Because of this adequate sample size is dependant on the size of the things you want to study. As can be seen from FIG II.2, it is feasible to obtain a representative sample of e.g. abundance of flagellate cells (pictured in grey) in 1 l sample, but this is not sufficient for sampling copepods (in black). This requires at least 50 l of water.
Fig.II.2. Representation of abundance of various particle size in natural samples
The example above illustrates that, the larger the sample size, the better the chance to make a correct estimate of the abundance of a component.
We can test what is the minimum sample size needed for a specific component by taking a number of replicate samples and analyzing them.
Fig II.3 shows an example of tintinnid abundance counted from a sample taken in a marine lagoon, ranging from 1 to 10 litres in size (average of 3 replicates). We see that the average obtained fluctuates strongly for small samples, but stabilizes around 16 ind L-1 from 7 litres onwards.
In this example, we would conclude that 7 litres is the minimum sample size needed to quantify the abundance of tintinnids, in this specific ecosystem, correctly.
We also notice that the standard deviation (see the bars in Fig. II.3) around the mean, becomes smaller as sample size increases. This is another representation of the fact that each replicate sample separately is less likely to deviate strongly from the mean (of the samples), but also of the real value, as sample size increases. A simple way to quantify the standard deviation in relation to the mean is the coefficient of variation: c.v.
c.v. = (s* 100) / x
Fig.II.3. Abundance of tintinnids obtained from counts of various sized samples
In principle, one should make a series as shown in Fig.II.3 each time one starts to study a new ecosystem. In practice however, one knows from experience which are ‘safe’ sample sizes to work with in most cases. The equipment used for sampling for specific seston components is adjusted to these sample sizes.
For the smaller components, bacteria and phytoplankton, water is usually collected with a Niskin bottle, which has a volume of 10 - 50 litres. From this volume smaller sub samples are usually taken for different specific analysis, such as bacteria abundance counts (a few ml is sufficient here) or microscopic phytoplankton cell counts (0.5 - 2 L) or analysis of chemical components representing specific fractions (e.g. chlorophyll a; also 0.5 - 2 L).
For mesozooplankton, a volume of 50 - 200L needs to be sampled, and this is done by filtering this volume of water through a 50µm net, and collecting the zooplankton trapped in the net. If we want to quantify the abundance of large zooplankton organisms, such as fish larvae, we need to sample a few thousands litres, and this is done by dragging a large net (with mesh size e.g. 300 µm) behind a ship.
As mentioned in the process of sample analysis, sub samples from the Niskin bottle are often taken for different analysis. This poses the question: how big do the sub samples have to be? In fact, the question of sample size will return several times in the process of the different steps of sample analysis. At each step, the same principles explained above for the field sample, hold.
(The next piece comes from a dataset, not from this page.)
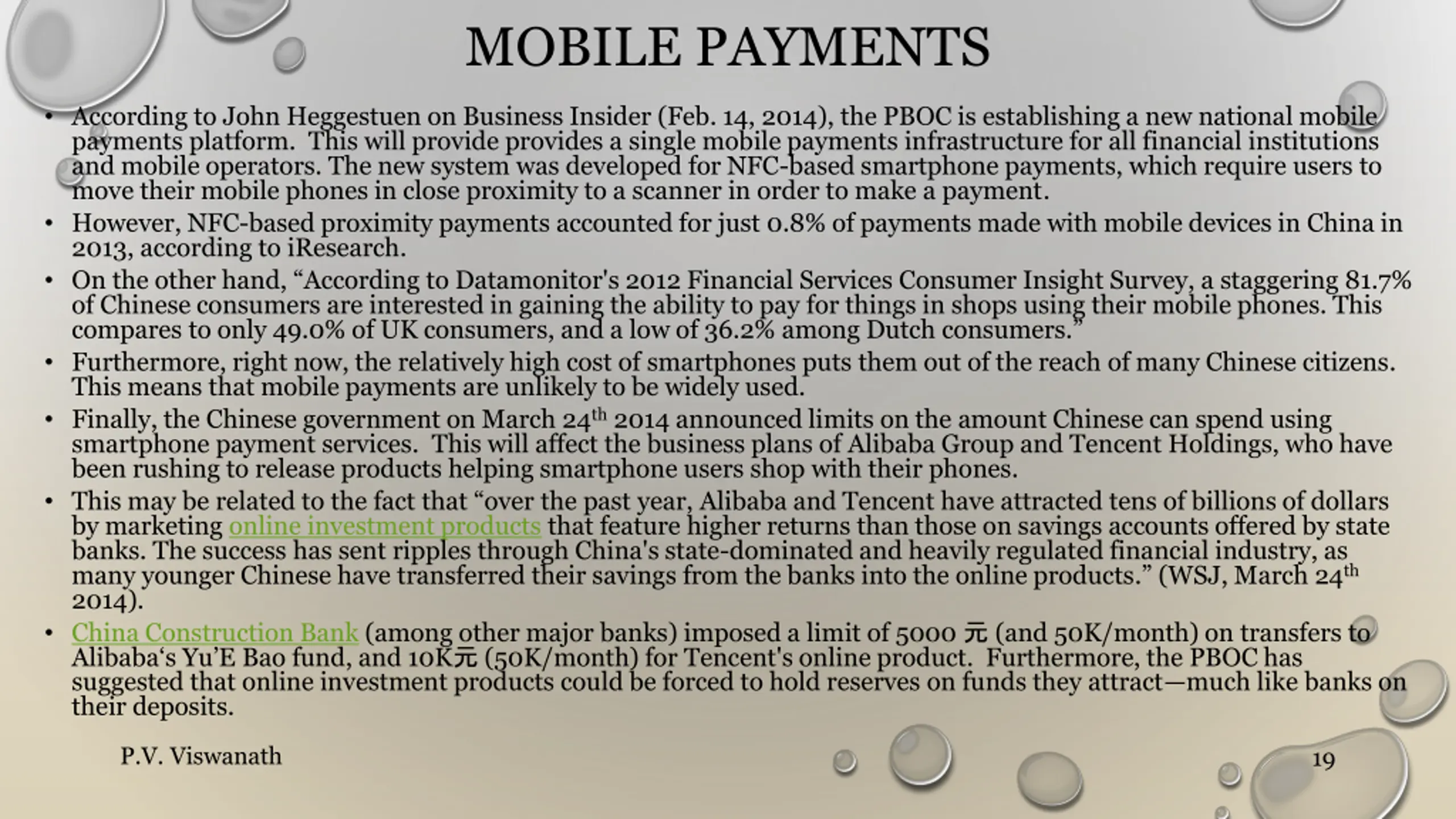 MOBILE PAYMENTS According to John Heggestuen on Business Insider (Feb. 14, 2014), the PBOC is establishing a new national mobile payments platform. This will provide provides a single mobile payments infrastructure for all financial institutions and mobile operators. The new system was developed for NFC-based smartphone payments, which require users to move their mobile phones in close proximity to a scanner in order to make a payment. However, NFC-based proximity payments accounted for just 0.8% of payments made with mobile devices in China in 2013, according to iResearch. On the other hand, According to Datamonitor's 2012 Financial Services Consumer Insight Survey, a staggering 81.7% of Chinese consumers are interested in gaining the ability to pay for things in shops using their mobile phones. This compares to only 49.0% of UK consumers, and a low of 36.2% among Dutch consumers. Furthermore, right now, the relatively high cost of smartphones puts them out of the reach of many Chinese citizens. This means that mobile payments are unlikely to be widely used. Finally, the Chinese government on March 24th 2014 announced limits on the amount Chinese can spend using smartphone payment services. This will affect the business plans of Alibaba Group and Tencent Holdings, who have been rushing to release products helping smartphone users shop with their phones. This may be related to the fact that over the past year, Alibaba and Tencent have attracted tens of billions of dollars by marketing online investment products that feature higher returns than those on savings accounts offered by state banks. The success has sent ripples through China's state-dominated and heavily regulated financial industry, as many younger Chinese have transferred their savings from the banks into the online products. (WSJ, March 24th 2014). China Construction Bank (among other major banks) imposed a limit of 5000 (and 50K/month) on transfers to Alibaba sYu E Bao fund, and 10K (50K/month) for Tencent's online product. Furthermore, the PBOC has suggested that online investment products could be forced to hold reserves on funds they attract much like banks on their deposits. P.V. Viswanath 19

The specific applications will be outlined with each specific analysis below.
Depending on the specific analysis to follow, the samples will be treated directly after sampling in various ways: for example, a sample for a microscopic phytoplankton count will be fixed with lugol’s solution, a sample for zooplankton with formaline, and most samples for chemical analysis are filtered on glass fibre or membrane filters and stored in a deep freezer. Detailed explanation on these sample treatments is given in the chapters concerning the different components.